Pulicaria gnaphalodes is an obstinate plant about 30 ± 8 cm high and have gold-yellow flowers. The plant mostly grows on sandy, stony, and abandoned areas in the Saudi Arabia, Afghanistan, Pakistan, Iran, India, Iraq, and Turkey.⁸ The plant is also known as Kakkosh-Biabani.⁹ This plant contains numerous chemical components, including flavonoids such as giperoside and pulicarin, phenol acid such as salicylic acid, clerodane diterpenoids such as salvicin and salvifolin, alpha-pinene, and 1-8-cineole.^10,11 This plant or its components are utilized globally in folk medicine because of its antibacterial, antidiarrheal, anti-inflammatory, antioxidant, and leishmanicidal properties.^6,10,12 It cures many infectious diseases such as diarrhea and cutaneous abscesses. It is also utilized conventionally as a flavoring agent in food. Many studies have reported the antibacterial, antimicrobial, and leishmanicidal activity of essential oils of P gnaphalodes. The current study has been conducted to assess the antimicrobial property of ethanol and methanol extract of P gnaphalodes against different bacteria in vitro and also described its effect on lipid profile in vivo. However, there is no reported study in the past about the effect of P gnaphalodes on the cholesterol level.

Materials and Methods

Microbial Strains

Four bacterial species were cultured for these tests comprising gram-positive Bacillus subtilis, Bacillus thuringiensis, Bacillus thuringiensis, and gram-negative Escherichia coli. At diagnostic laboratory of GC University, Faisalabad, the antibacterial activity tests were accomplished.

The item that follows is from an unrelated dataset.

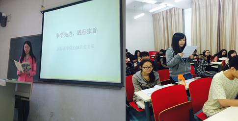 2013级3班和7班团支部一起观看了电影《我的法兰西岁月》,2013级4班团支部组织观看了李林森先进事迹纪录片《忠诚点亮生命》,2013级5班和6班团支部同学利用假期观看了《建党伟业》、《建国大业》、《铁人》等电影,并组织同学撰写影评,党员代表任久岱通过自身学习和支教等经历,与同学们分享了一个当代大学生党员对于当代中国社会的所思所感所想。他呼吁同学们坚持党的领导,努力学习先进,积极投身于社会主义建设中;在日常学习和生活中,要有辨识信息的能力,莫要偏听一家之言;要锤炼自己吃苦擅干的品质,做合格的当代大学生。

In nutrient agar, bacteria were cultured at 37°C.

Plant Collection

Stems of the P gnaphalodes were assembled from Gilgit-baltistan. The plant was identified on macroscopic characteristics relating to authenticated sample from the horticulture at Faisalabad, Pakistan.

Preparation of Extract

The stems of the sample plant were washed with distilled water. Then fine powder was prepared and sieved with 150-mesh sieve after air drying at 35°C in a shaded place. Two solvents, methanol and ethanol, were used for extraction of the plant. Thirty grams of this powder was taken for each solvent in 300 mL, which is placed inside the Soxhlet extractor. After extraction, the filtration of solvent having plant material was carried out using Whatman No. 1 filter. After filtration, the solvents were loaded into Petri dishes for evaporation of solvents to get plant extract, or rotary apparatus was used for rapid evaporation.

In Vitro Determination of Antibacterial Activity

Disk diffusion method

For antimicrobial susceptibility testing, disk diffusion method was accomplished as defined by Anand et al¹³ to determine the existence of antimicrobial activity of the plant extracts. The pure cultures of Staphylococcus aureus, Pasteurella multocida, Bacillus subtilis, and E coli were subcultured in nutrient agar. Positive control was prepared using rifampicin. Sterile paper disks was 6 mm in diameter and made from filter paper and impregnated with drug, comprising solution put on the inoculated agar. These Petri dishes were incubated for 24 hours and then antibacterial activity was deliberated by the diameter measurement of the growth inhibition zone.

Minimum inhibitory concentration assay

Agar well dilution method was utilized for the determination of minimum inhibitory concentration (MIC). In 10% dimethyl sulfoxide, the ethanol and methanol extracts were distinctly dissolved and then diluted to a minimum concentration (500 µg/mL). Nutrient broth (95 µL) was mixed with inoculum (5 µL) to 96-well plate preparation. Plant extract (100 µL) was added in the first well. Then this 100 µL was relocated into 6 consecutive wells. All these plates were incubated for 24 hours and then each plate absorbance was taken at 650 nm by the microplate reader.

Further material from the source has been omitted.